= Christophe Gamard =

French architect

Christophe Gamard, Gamar or Gamart, was a 17th-century French architect, who worked in Paris and died there in 1649.

== Biography ==
He was a master mason in 1613, an architect of the old Saint-Sulpice in 1623 (and began its reconstruction after 1643), and a city juror (juré de la Ville) in 1626. He was an assistant of Claude Vellefaux, the supervising architect (architecte voyer) of the Abbey of Saint-Germain-des-Prés, and succeeded him in that position in 1627. He became an architect of the king (architecte du roi) in 1639.

=== Family ===
He married Claude Vellefaux's daughter, Étiennette Vellefaux. They had two sons, Christophe and Hubert. Widowed, he married Marie Gillier in 1648, despite the opposition of his sons.

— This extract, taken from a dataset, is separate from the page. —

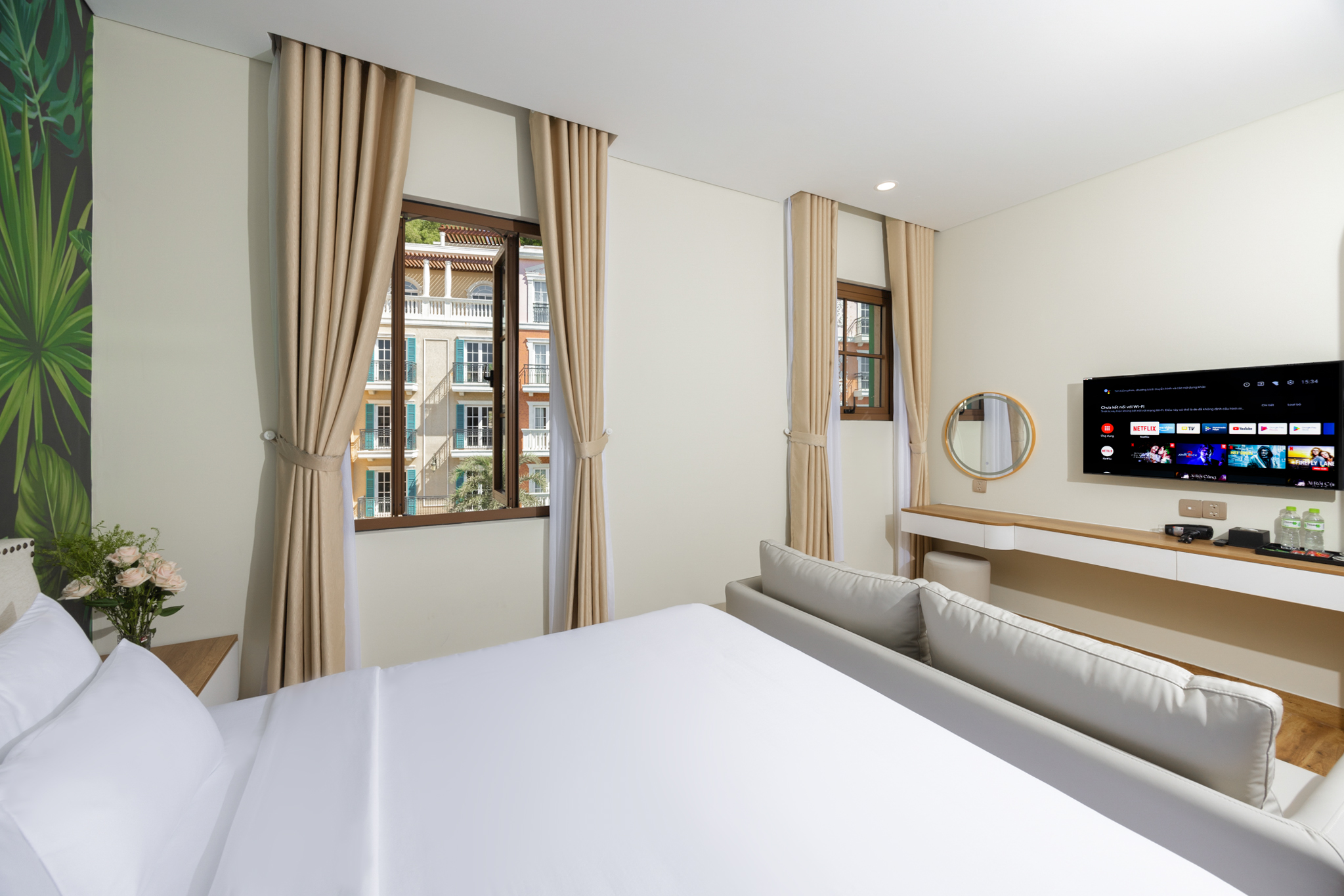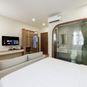 - Ban công riêng biệt: Một trong những điểm nhấn đặc biệt của phòng chính là ban công rộng rãi, nơi bạn có thể ngồi thư giãn, hít thở không khí trong lành và ngắm nhìn khung cảnh tuyệt đẹp của Phú Quốc.
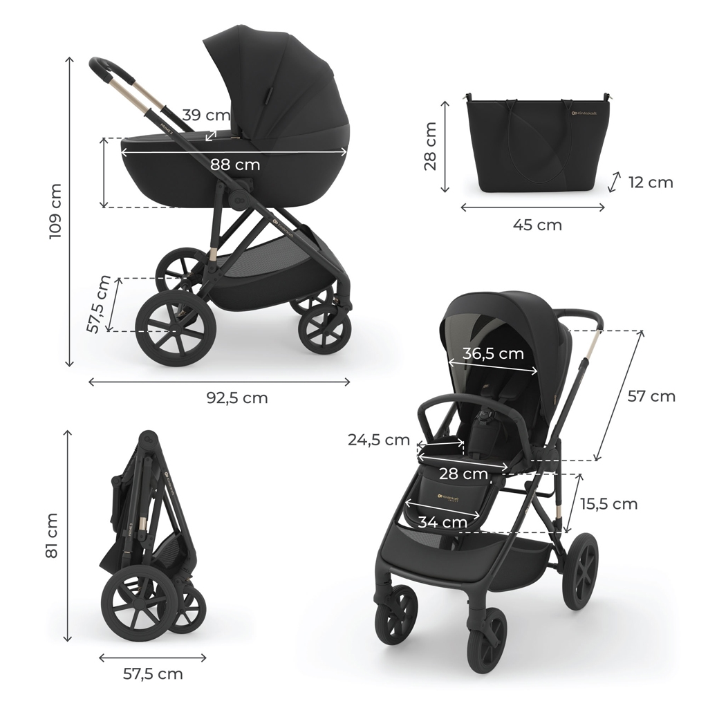 KINDERKRAFT - Kombinovaný kočárek 3v1 PRIME 3 Venezian Black

His brother, Philippot Gamard, worked on the Hotel de Nemours, rue Séguier, in 1620, and at houses, current rues de Sévigné and Rue des Trois-Portes between 1616 and 1619.

== Works ==
- Houses in rue de la Cerisaie in 1613, rue de Seine in 1614, rue de Buci where he had his own house at number 27 in 1631
- The enlargement of the nave of the former Saint-Sulpice church by adding side chapels, between 1614 and 1631
- The Pont au Double, between 1626 and 1631, on the small arm of the Seine to connect the buildings of the Hôtel-Dieu located on the île de la Cité with those on the left bank. He succeeded his father-in-law as architect of the Hôtel-Dieu de Paris and created the Rosary Room and the great portal of the rue de la Bûcherie, between 1626 and 1635
- The Prison de l'Abbaye, dependence of justice of the abbot of Saint-Germain-des-Prés, built between 1631 and 1635.
- The Hospice des Incurables (now the Hôpital Laennec de Paris), between 1633 and 1640, at the request of Cardinal de La Rochefoucauld and Marguerite de Rouillé. He was the architect of the hospice until his death.
- The fountain on the parvis, located approximately 20 m from the north portal of the Cathédrale Notre-Dame de Paris, between 1636 and 1639
- The quai Malaquais after 1632
- Houses on the north side of rue Sainte-Marguerite (currently rue Gozlin), in 1635
- The vault of the sewer of the rue Saint-Benoît, in 1640
- The façade of the Église Saint-André-des-Arts in 1640
- The south side portal, Sainte-Marguerite portal, the rib vaults, the high capitals of the central vessel of the abbey Church of Saint-Germain-des-Prés, between 1646 and 1649
- The new church of Saint-Sulpice for which he provided the plans in 1636, and, after their approval in 1645, began construction by the Chapel of the Virgin in 1646 and continued it until his death

== Bibliography ==
- Jean-Marie Pérouse de Montclos (dir.), Le Guide du patrimoine de Paris, Paris, Hachette, 1995, ISBN 9782010168123, .
- Bernard Oudin, Dictionnaire des architectes, Paris, Seghers, (2nd edition), 1994, ISBN 2-232-10398-6, .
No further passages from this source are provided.